Comment by JoshTriplett
6 days ago
> but the plagiarism
This entire section reads like, oddly, the reverse of the "special pleading" argument that I usually see from artists. Instead of "Oh, it's fine for other fields, but for my field it's a horrible plagiarism machine", it's the reverse: "Oh, it's a problem for those other fields, but for my field get over it, you shouldn't care about copyright anyway".
I'm all for eliminating copyright. The day I can ignore the license on every single piece of proprietary software as I see fit, I'll be all for saying that AIs should be able to do the same. What I will continue to complain about is the asymmetry: individual developers don't get to violate individual licenses, but oh, if we have an AI slurp up millions of codebases and ignore their licenses, that's fine.
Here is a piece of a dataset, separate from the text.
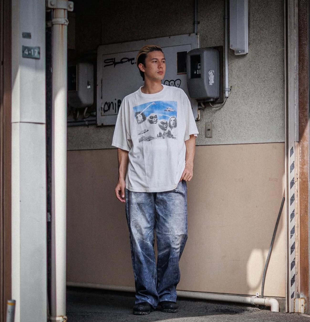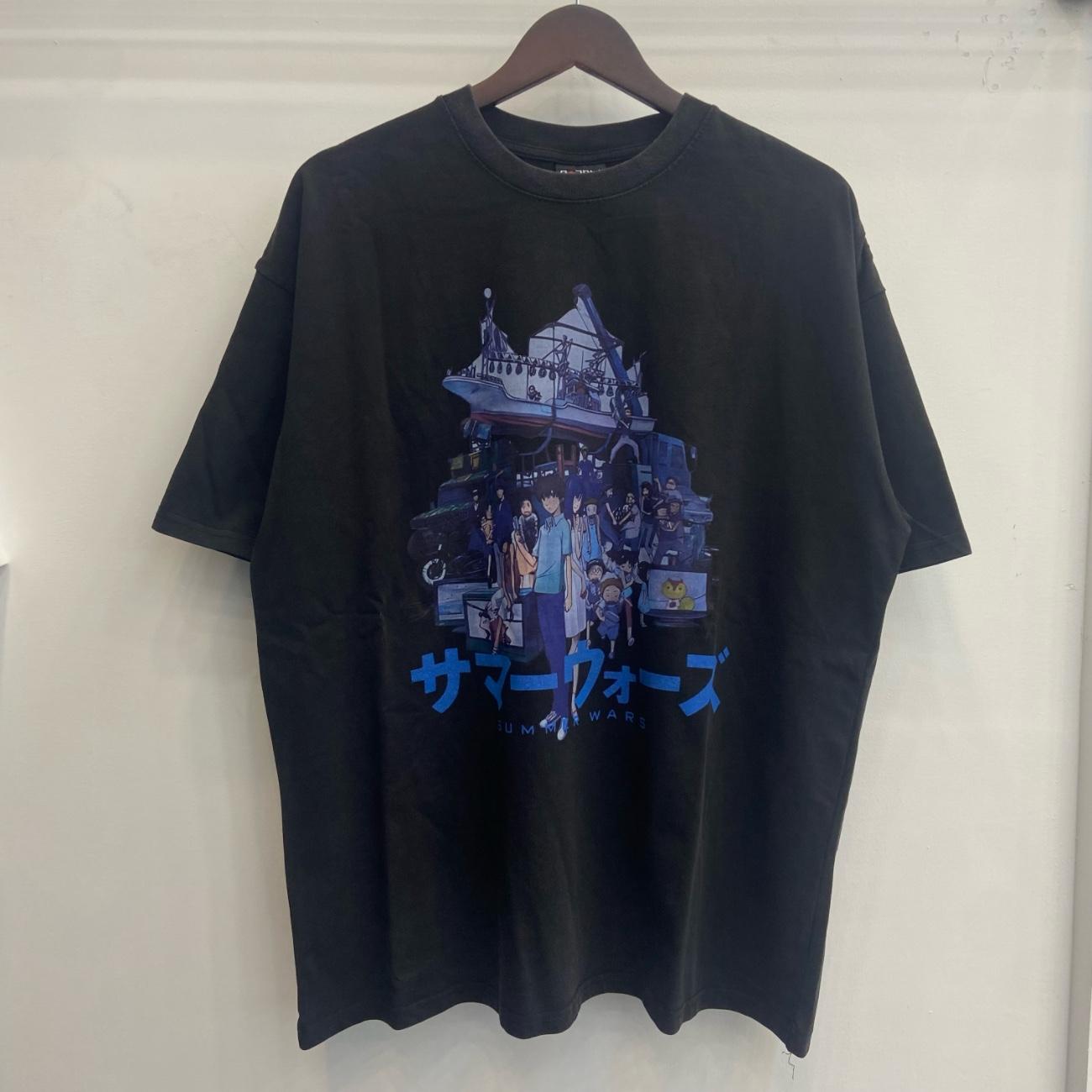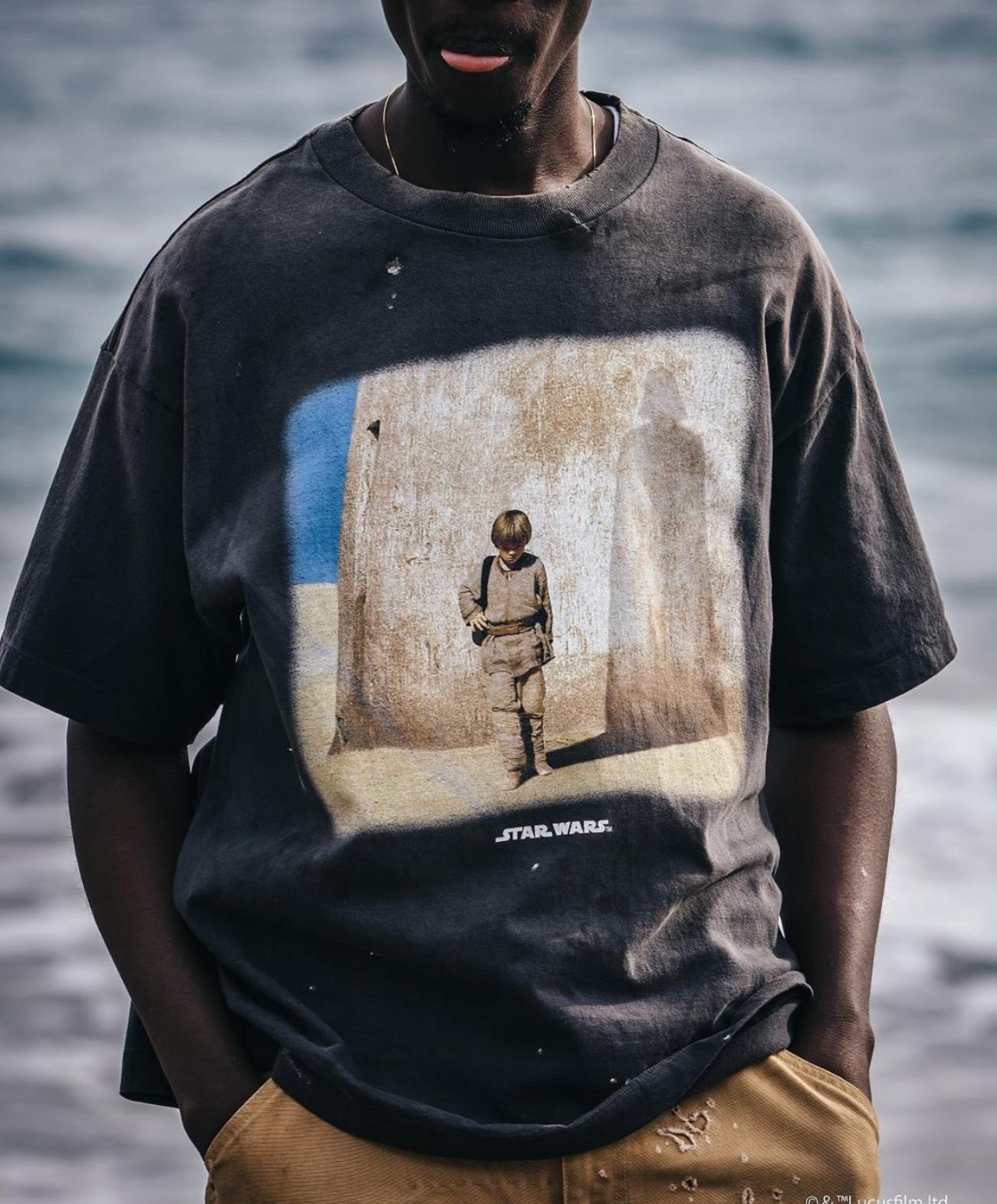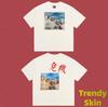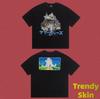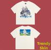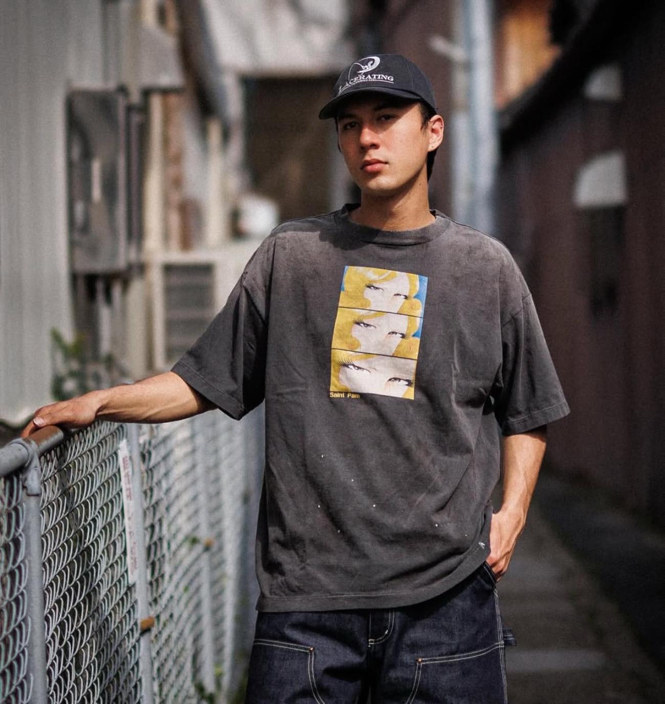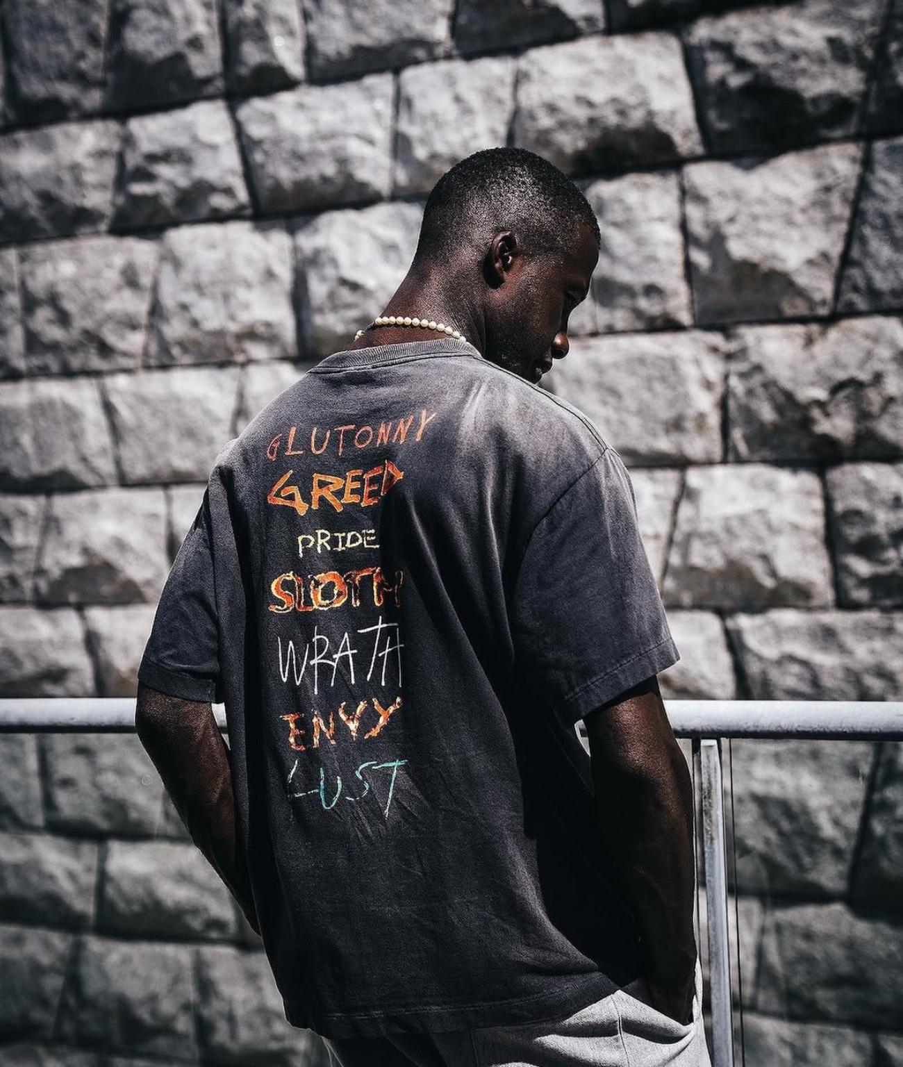 Camiseta de Manga Corta para Hombre Saint Michael American High Street Retro Lavada Holgada Cuello Redondo Trendy Cool

No. No, it isn't. If you want to ignore copyright, abolish it for everyone. If it still applies to everyone else, it should still apply to AIs. No special exceptions for mass-scale Open Source license violations.
I think where tptacek is right, though, is that if we're going to hold this position without hypocrisy, then we need to respect copyright as long as it exists. He's right that many of us have not done that; it's been very common to violate copyright for mere entertainment. If we want the licenses of our own work to be respected, then we need to extend that respect to others as well, regardless of the size of the copyright holder.
There are things that "modulate" this. Violating copyright is never right, of course, some questions are however scale, and purpose. Taking others' creative output, unlicensed, for large-scale commercial gain, is about the worst.
The whataboutism of that section was odd. The only non-handwavy argument presented is that due to the scale of LLM training that models' output should be treated like US-specific typeface forms' copyright, ie: non-applicable.
It's interesting as typeface plagiarism became rampant beginning in the 70s when more accurate photo reproductions made it trivial. This was problematic for designers wanting to make a livelihood, which is something ITC sought to mitigate by better up-front payments (IIRC from U&lc's coverage) to incentivize quality typeface creation.
There's a distinction though between literal plagiarism and just inspiration from elements. US copyright law doesn't protect either for typeface forms but ironically it does allow copyright for the code used in font files.
I've seen OpenAI's o3-mini (their reasoning model) suggest verbatim code and comments that I found on Github predating LLMs by years. It seems the more times the same code and comment appears online the more likely this is to occur. I'd imagine there would be studies looking into the scope and frequency this occurs and how much is considered fair use.